1061 (9th Cir. 2002) (quotation omitted). “The non-moving party has failed to meet its burden if the record taken as a whole could not lead a rational trier of fact to find for the non-moving party.” Intel Corp. v. Hartford Accident & Indem. Co., 952 F.2d 1551, 1558 (9th Cir. 1991) (quotation omitted). The substantive law governing a claim or defense determines whether a fact is material. Moreland v. Las Vegas Metro. Police Dep’t, 159 F.3d 365, 369 (9th Cir. 1998). In evaluating a motion for summary judgment, the court must draw all reasonable inferences in favor of the nonmoving party, and may neither make credibility determinations nor perform any weighing of the evidence. Anderson, 477 U.S. 242, 248 (1986).

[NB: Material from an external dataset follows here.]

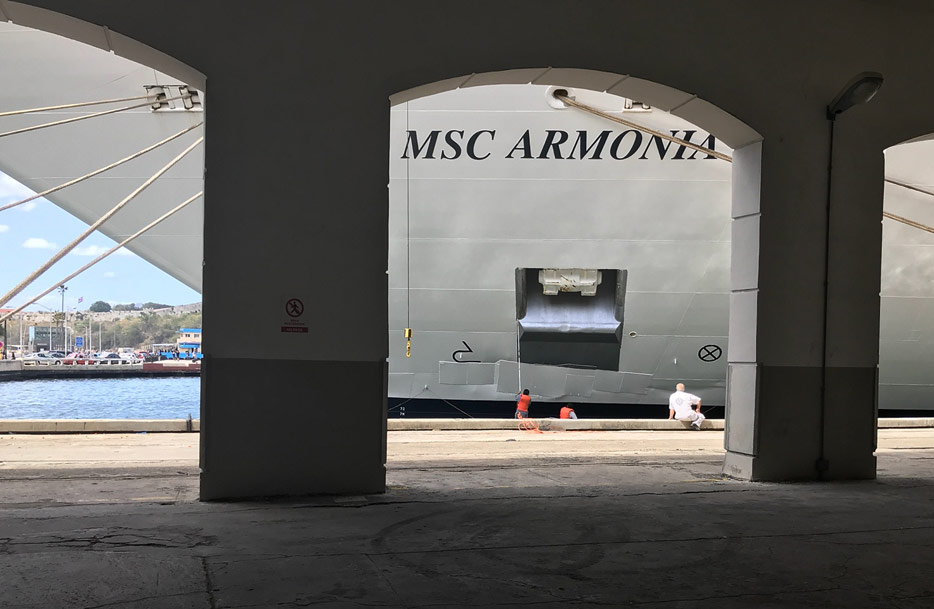 Update 11.4., 10:30 Uhr: MSC kommentiert: „Die Gründe für diesen Vorfall werden aktuell untersucht. Für die Gäste und Besatzung an Bord bestand zu keiner Zeit ein Risiko, auch auf die Umwelt hat dieser Zwischenfall keinerlei Auswirkungen. Alle Passagiere konnten nach einer kurzen Verzögerung beim Ausschiffen pünktlich zu ihren geplanten Landausflügen starten. Die MSC Armonia wurde bereits von den Hafenbehörden vor Ort untersucht und das Schiff – nach Reparatur der geringfügigen Schäden – für die Weiterfahrt freigegeben. Die MSC Armonia wird um ca. 2:00 Uhr Ortszeit den Hafen von Roatán verlassen und gegen 10:00 Uhr morgens in Belize, dem nächsten planmäßigen Hafen der Route, eintreffen.“

2 The parties have consented to the jurisdiction of the Magistrate Judge pursuant to 28 U.S.C. § 636. (Docket Nos. 12, 27, 40, 42). ANALYSIS I. First Affirmative Defense: Comparative Negligence Defendants’ first affirmative defense, comparative negligence, asserts that Poe’s injuries were caused in part by his own negligence, specifically in his failing to properly instruct or to train Watson, and in failing to secure himself with a safety harness.

Plaintiff’s argument against this defense goes as follows: First, workers’ compensation is an employee’s exclusive remedy against an employer for injuries arising in the course of employment, and so an employer who provides workers’ compensation is immune from liability to an injured employee. Or. Rev. Stat.